There were no callers so the supervisor responded only to comments and questions from host Dan Duprey and covered a range of familiar topics, from the 2013 budget and Sylvester Manor to ferry rates and shared docks.

At the start of the program, he said that 240,000 guns had been “legitimately sold in the U.S.” on Black Friday, the big retailing day after Thanksgiving. Since the shooting at Sandy Hook Elementary School last week, there’s “a general consensus to do something” to further limit access to automatic and semi-automatic weapons.

Shelter Island is “our own little paradise out here,” he said, “which provokes the sick mind a little bit so we have to be prepared,” the supervisor said.

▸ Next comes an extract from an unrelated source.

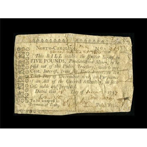 <B>North Carolina December 15, 1757 £5 Very Fine.</B></I> Contemporarily backed but in far better condition than what one would expect for this extremely rare issue. This is the variety with the word "Payment" not hyphenated. The signatures are perfect, and every word of the text can be clearly read. <BR><BR><BR><b>Shipping:</b> Coins & Currency (<a target="_blank" href="http://www.heritageauctions.com/common/shipping.php">view shipping information</a>)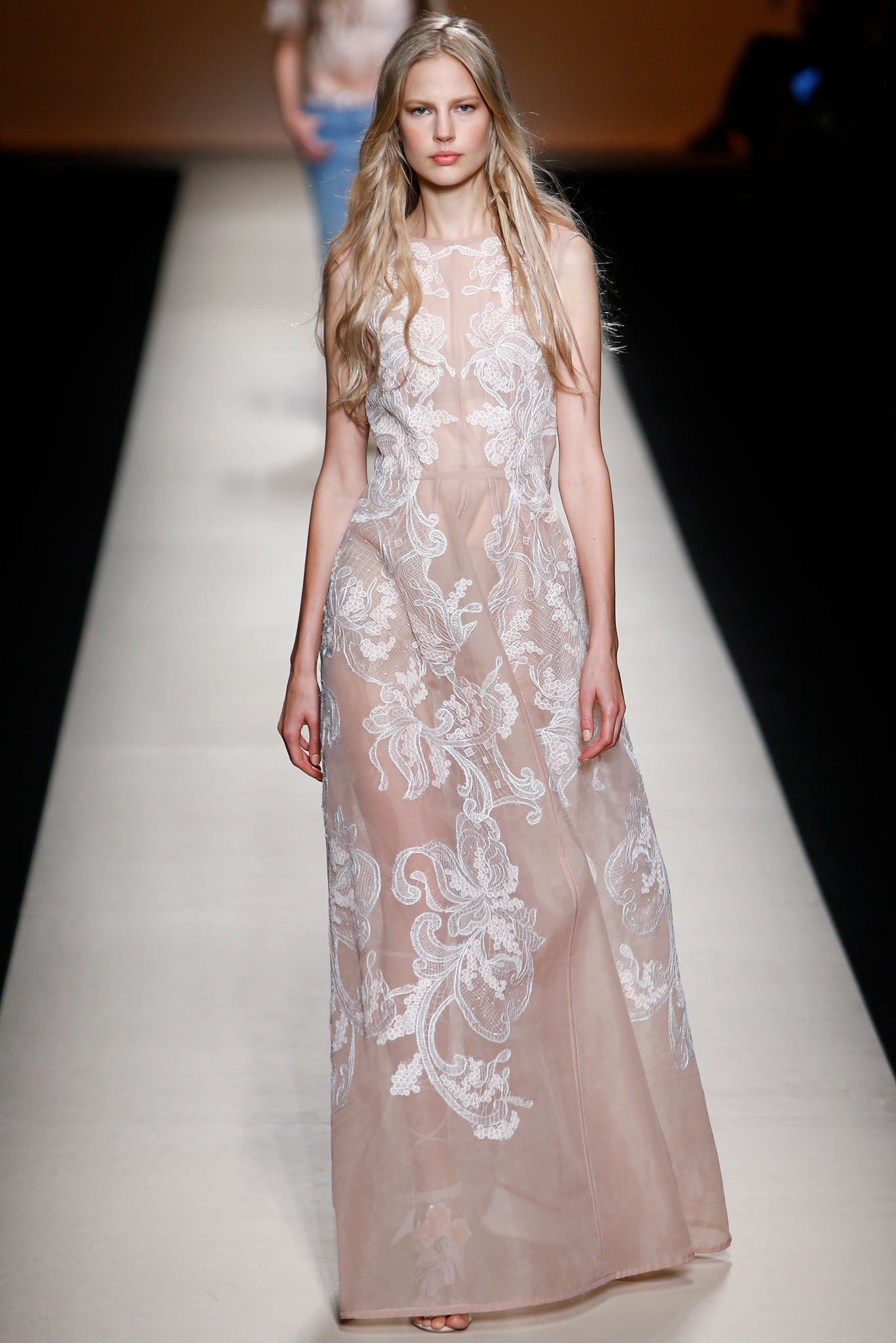 秀上這一套禮服我真的覺得超浪漫的,略透的粉膚色薄紗為基底,上面繡滿了精緻的白色刺繡,相當細膩精緻也很出世氣質。但是怎麼Ellie穿起來完全不是這麼回事(默)。

Also during the program, the supervisor said the town had been been “very fortunate” because Hurricane Sandy turned inland into New Jersey, sparing the East End the worst of it. Aside from “serious flooding,” the town had “a few trees down but nothing serious.”

He disclosed that the town’s emergency preparedness coordinator, Police Chief Jim Read, had called for a meeting of local officials in Town Hall at 3 p.m. on  January 7 “to audit our Hurricane Sandy performance.” It won’t be about giving pats on the back but instead “how we can improve” the town’s level of emergency preparedness and coordination, he said.

Because of global warming, he commented, “In my humble opinion, as an island we’ll see more and more of these events. Shelter Island has an obligation to be fully prepared.”